Мои спутники не раз с гордостью указывали мне на недавние успехи русского флота. Я удивляюсь этим успехам, но оцениваю их совершенно иначе, чем мои русские товарищи по путешествию. Русский флот — это создание или, вернее, развлечение императора Николая. Этот монарх забавляется осуществлением главной идеи Петра I, но, как бы ни был могуществен человек, рано или поздно он должен будет признать, что природа сильнее всех человеческих усилий. Пока Россия не выйдет из своих естественных границ, русский флот будет лишь игрушкой царей, и ничем более. Лорд Дюргам со всей откровенностью высказал это лично Николаю I, поразив его этим в самое чувствительное место его властолюбивого сердца: «Русские военные корабли — игрушка русского императора». На меня вид русских морских сил, которые были объединены здесь, вблизи столицы, исключительно для развлечения царя, для хвастовства его придворных льстецов и для обучения его кадетов, произвел удручающее впечатление. Я чувствовал в этих школьных упражнениях флота лишь ложно направленную железную волю, которая угнетает людей, так как она не может покорить окружающую природу. Корабли, которые в течение нескольких зим неминуемо должны погибнуть, не принеся никакой пользы своей стране, олицетворяют в моих глазах не мощь великого государства, а лишь напрасно пролитый пот несчастного народа. Более чем на полгода замерзающее море — величайший враг военного флота. Каждую осень после трехмесячных упражнений школьник возвращается в свою клетку, игрушка прячется в коробку, и лишь ледяной покров моря ведет серьезную войну с царскими финансами{6}.

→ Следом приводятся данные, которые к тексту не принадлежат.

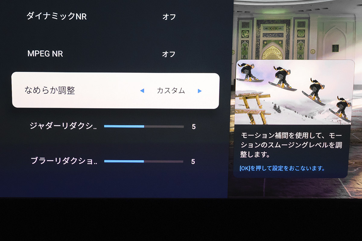 しかし、本機はカスタム調整でジャダーとブラーをそれぞれ10段階で調整可能。原画忠実という点ではオフが基本だが、筆者はジャダーリダクションをデフォルトから少しプラスに設定すると、2時間程度の視聴でも目が疲れず、かつ、映画の雰囲気も楽しめた。高輝度プロジェクターに嬉しい機能と言える。
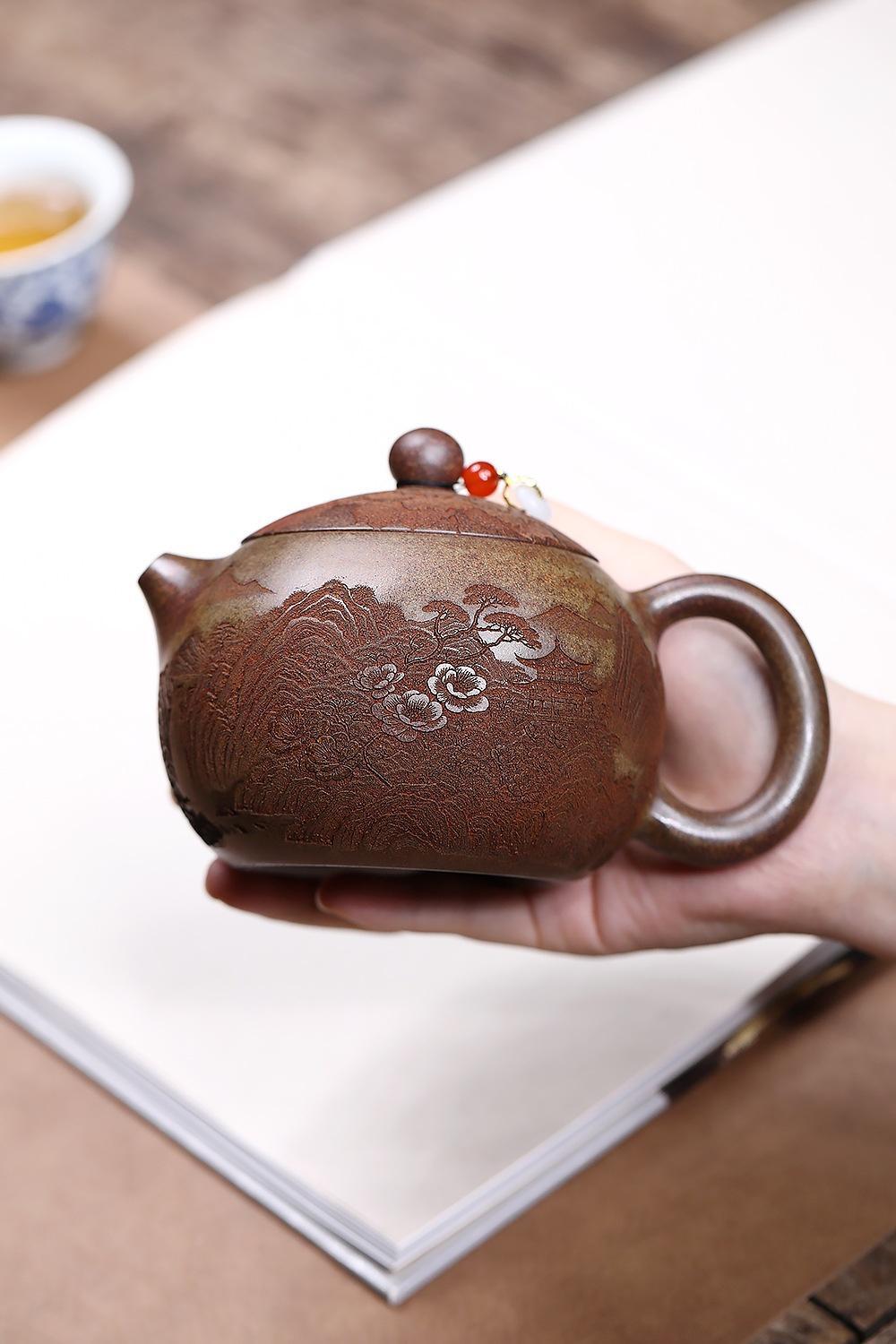 全手工紫砂壺 家藏三十年黑金沙原礦老料 大容量球孔西施壺
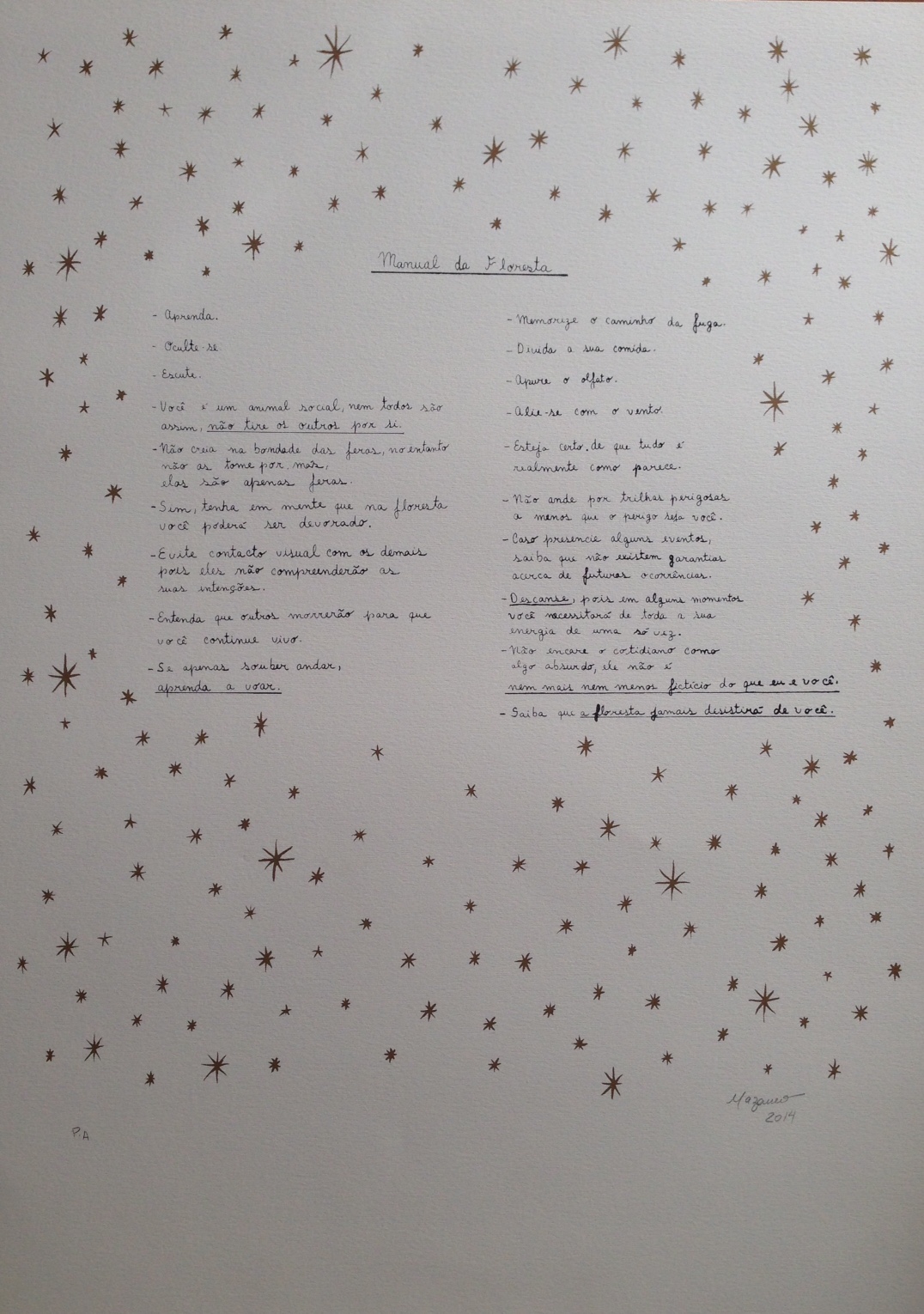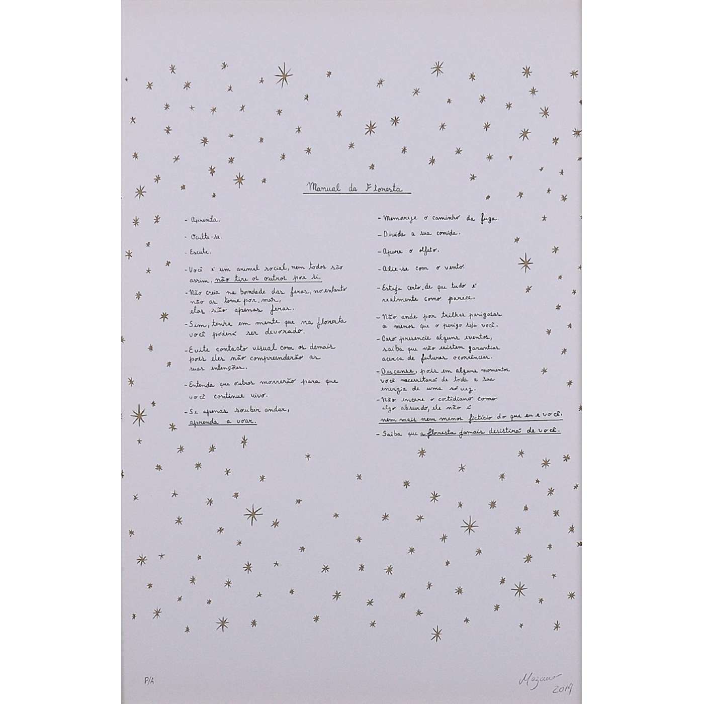 Nazareno Rodrigues Alves (São Paulo SP 1967). Desenhista, escultor e artista multimídia. Nascido em São Paulo, o artista passa a infância e a adolescência em Fortaleza, Ceará. Em 1987, muda-se para Brasília, onde conclui bacharelado em artes visuais pela Universidade de Brasília (UnB), em 1998. Em 1999, participa da edição itinerante Vertentes Contemporâneas - Rumos Visuais Itaú, em Fortaleza e Recife, Pernambuco. Nos dois anos seguintes, expõe no Instituto Itaú Cultural, São Paulo, e no Museu de Arte Moderna do Rio de Janeiro (MAM/RJ), dentro do mesmo programa.

Нет ничего печальнее, чем природа окрестностей Петербурга. По мере того как углубляешься в залив, все более суживается болотистая Ингерманландия и заканчивается тонкой, едва заметной чертой. Эта черта — Россия, сырая, плоская равнина с кое-где растущими жалкими, чахлыми березами. Дикий, пустынный пейзаж, без единой возвышенности, без красок, без границ и в то же время без всякого величия освещен так скупо, что его едва можно различить. Здесь серая земля вполне достойна бледного солнца, которое ее освещает. В России ночи поражают своим почти дневным светом, зато дни угнетают своей мрачностью.